Distance wise, the `DoubleNoise`-config start loosing packets at around 350 m and stops receiving entirely at around 410 m.
So not only is the reliable range much lower, the further range in which at least some messages get through is much smaller (60 m compared to 150 m).

In [None]:
pdr = receptions.groupby(CONF_COLS + ["distance"]).agg({"Correct": "sum", "RSSIdBm": "mean", "SNRdB": "mean"}).reset_index()
pdr_change_boundaries = pdr.query("Correct < 100 and Correct > 0")

fig, (left, mid, right) = plt.subplots(1, 3, figsize=(18, 5), sharey=True, constrained_layout=True)
sns.scatterplot(data=pdr, x="distance", y="Correct", hue="config", ax=left)
sns.scatterplot(data=pdr, y="Correct", x="RSSIdBm", hue="config", ax=mid)
sns.scatterplot(data=pdr, y="Correct", x="SNRdB", hue="config", ax=right)
left.set_xlim(left=pdr_change_boundaries.distance.min() - 10, right=pdr_change_boundaries.distance.max() + 10)
mid.set_xlim(left=pdr_change_boundaries.RSSIdBm.min() - 0.5, right=pdr_change_boundaries.RSSIdBm.max() + 0.5)
right.set_xlim(left=pdr_change_boundaries.SNRdB.min() - 0.5, right=pdr_change_boundaries.SNRdB.max() + 0.5)

## Excursus: How dB changes when the base values change

What happens with a number expressed in dB when the underlying absolute nubmer is doubled or halved?
This should give me some intuition on how much interference or noise has to increase to have significant effects on decodability.

In [None]:
base_number = pd.Series(2 ** np.arange(0, 8, 0.5))
base_vs_dB = pd.DataFrame({"base": base_number, "dB": 10 * np.log10(base_number)})

fig, (left, right) = plt.subplots(1, 2, figsize=(24, 4))
base_vs_dB.plot(x="base", y="dB", ax=left)
right.axis('off')
right.table(cellText=base_vs_dB.round(2).values, colLabels=base_vs_dB.columns, loc='center')
# base_vs_dB.head(8)

Result: Follow the rule of thumb **"doubling the base number adds 3 dB"**.

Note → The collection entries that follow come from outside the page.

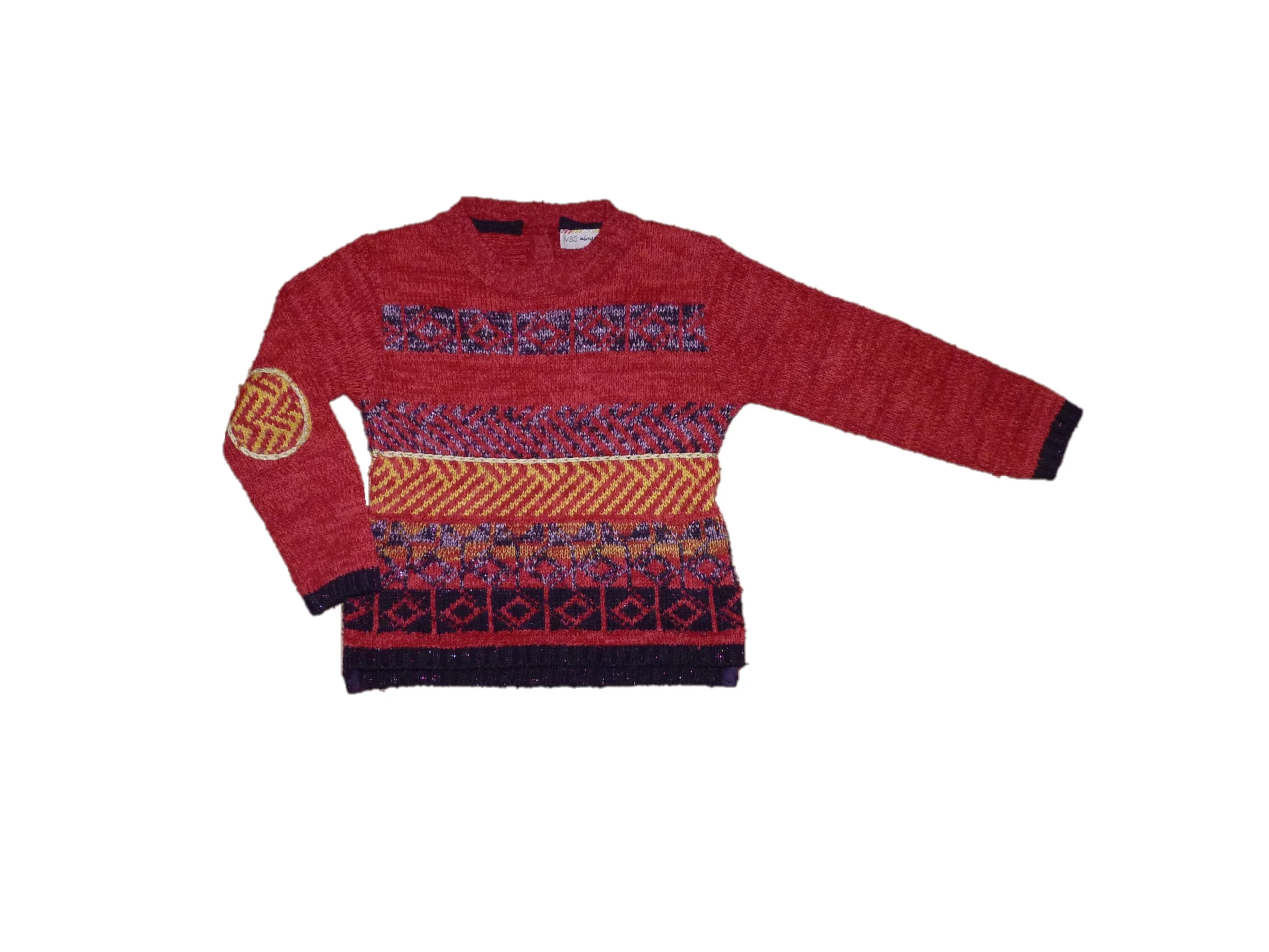 Puha kötött pulóver hosszú ujjal, nyaki hátsó részén gombokkal, csillogó szálakkal átszőve, különleges meleg színekkel, kissé hosszabb hátrésszel. Jó állapotú, közelről némi bolyhosodás. Tökéletes viselet farmerhez vagy szoknyához. Beleírt méret 3-4 év. |
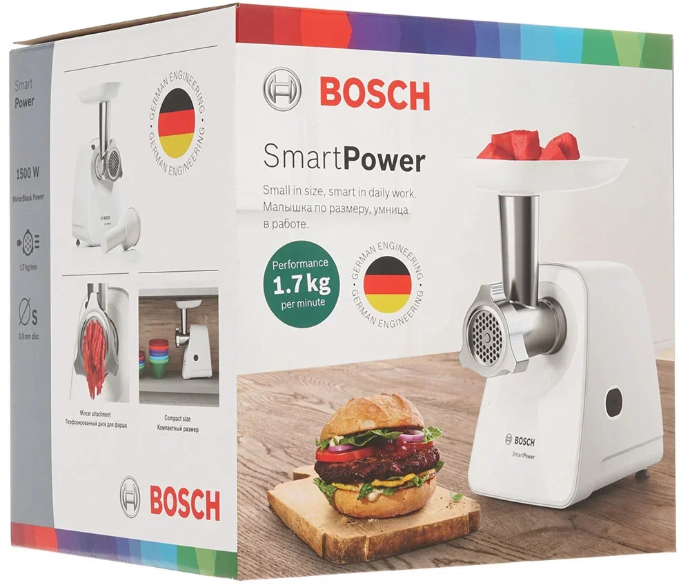 Мясорубка Bosch MFW2500W — это лёгкий и функциональный кухонный помощник, разработанный для тех, кто ищет простое, надёжное и компактное решение для повседневной переработки продуктов. Стационарная модель обеспечивает стабильную производительность на уровне 1,7 килограмма в минуту, что делает её идеальной для приготовления фарша, овощных смесей, начинок для пирогов или домашних колбасок в условиях небольшой семьи, дачи или компактной городской кухни.
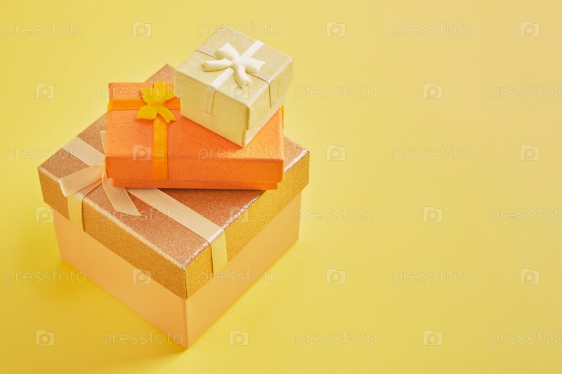 Подарочные коробки разных цветов, размеров и форм на желтом фоне копией пространства
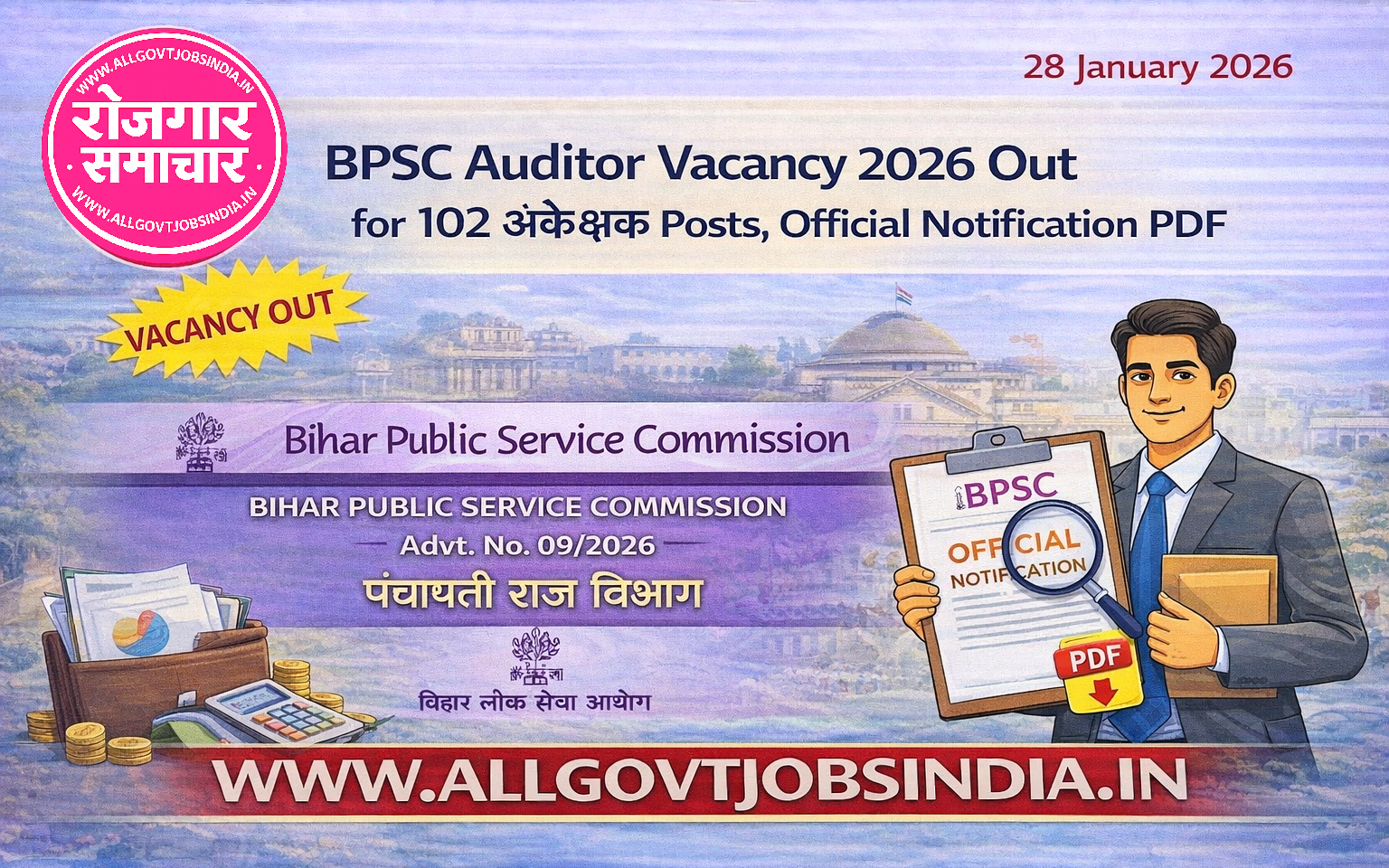 Short Information: The Bihar Public Service Commission (BPSC) has released the notification (Advt. No. 09/2026) for the recruitment of 102 Auditor (अंकेक्षक) posts under the Panchayati Raj Department. Candidates having a degree in Commerce, Economics, Maths, or Statistics can apply online from 5th February 2026 to 26th February 2026 at bpsc.bihar.gov.in. Read below for vacancy details, eligibility, exam pattern, and direct links.
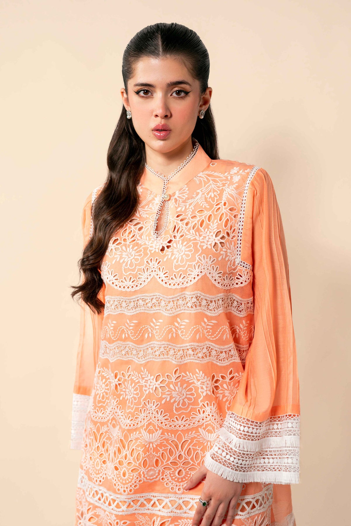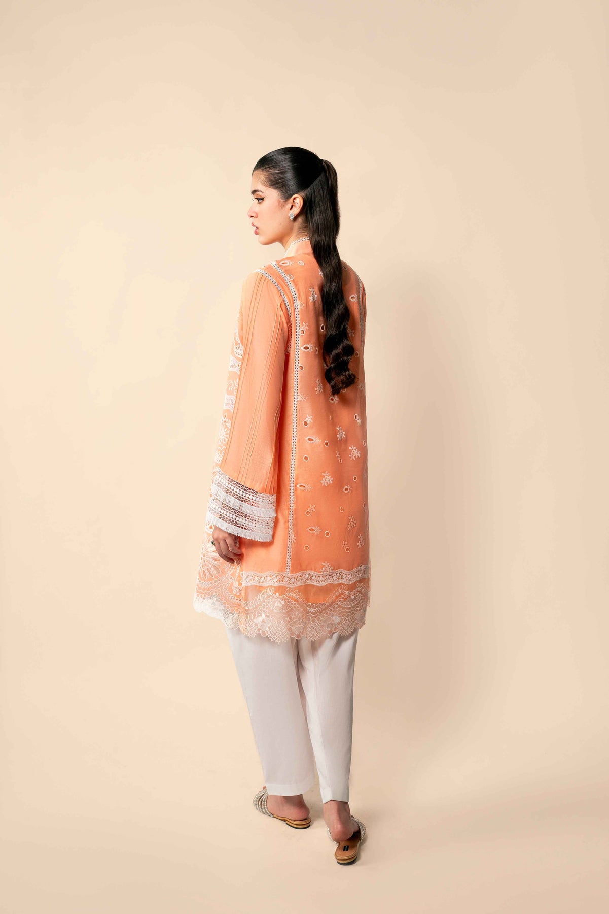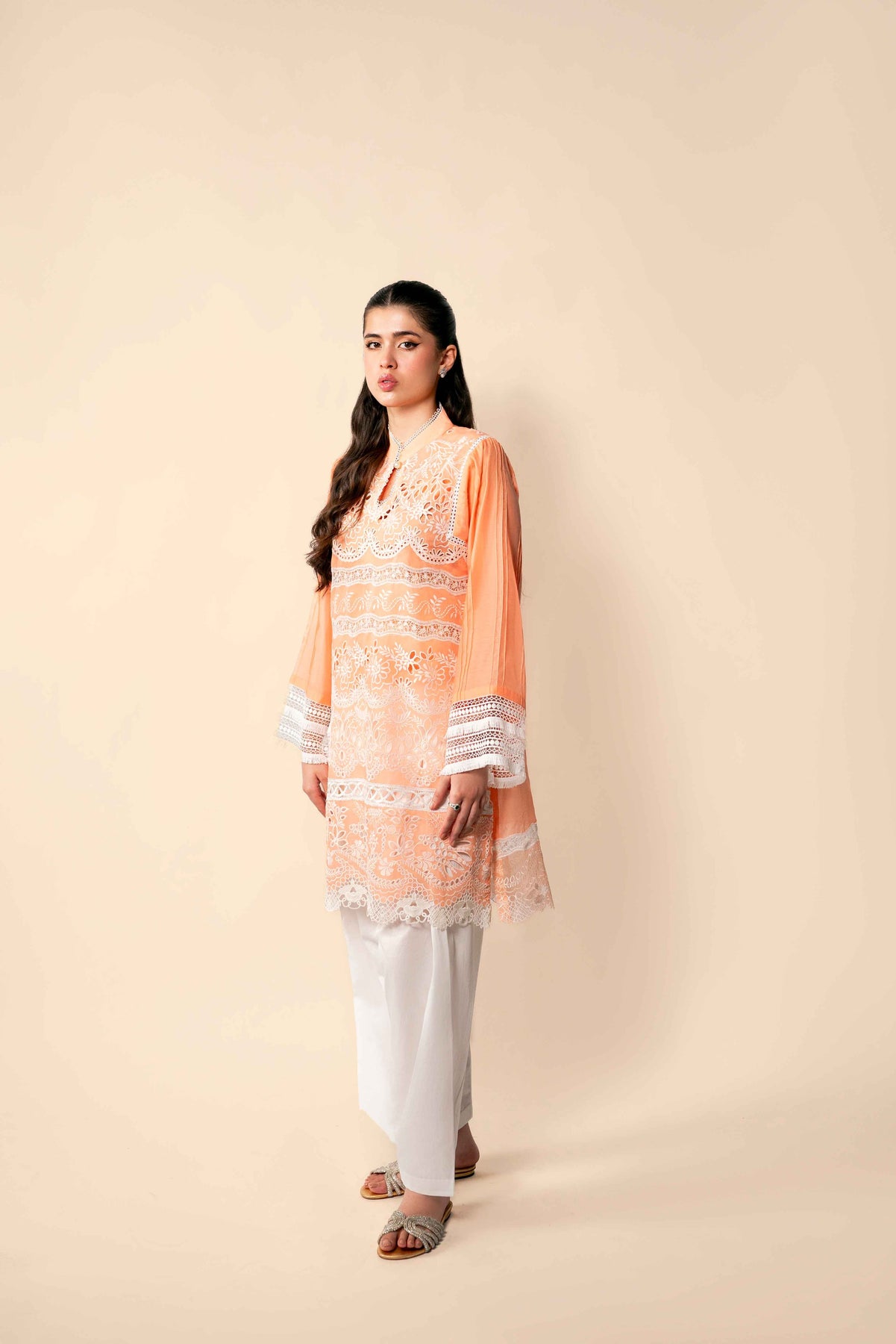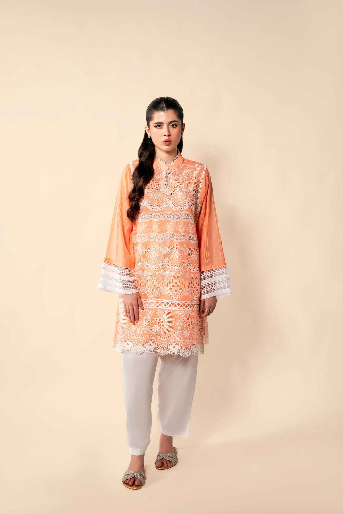 Peach silk organza with laser cut, Boring and schifli embroidery. All technique used in this loose kurta.

Thus, halving the base number subtracts 3 dB.

So, if there is *interference equal to the noise floor* (currently -98 dBm), then the SINR in dBm is *3 dB lower* than without any interference.

## TODO: Influence of Interference

Now that I know about the basic behavior, I want to find out how increased interference could change the results.
Note that Veins treats interference and noise mostly the same (except for some reporting), so I could also just adapt the noise to get an impression of what would change.

Main Questions:

- How much interference/noise is needed to significantly shift the reception behavior?
- How much interference can there be (assuming CSMA/CA works)?
    * ANSWERED: for a single source of interference (that is not decodable).
- And finally: at what distance will a signal be so weak that it can not interfere with the reception of another signal anymore?

#### First thoughts and insights:

- at around 1220m, the message can no longer be detected
    * because the RSS is below the `minPowerlevel` of -98 dBm
    * the noise floor is configured to the same value of -98 dBm, but does not have an influence on the *detectability*, only *decodabiliity* (through SNR)
- decoding stops much earlier, at around 600 m (without any interference)
- so, an interfering signal sent from around 1225 m will also have a RSS of around -98 dBm
    * at that time, SINR would be half as big as the pure SNR, or 3 dB lower
    * we need a SINR of around 7 dB for reliable decoding, present at around 500 m
    * to compensate for said interference, we need around 10 dB SNR, present at around only 350 m
    * this matches the observations from above with the `DoubleNoise` approach.

Verification approach: just increase the noise level by 3 dBm and compare outcomes, the reliable decodablity should be around the numbers above.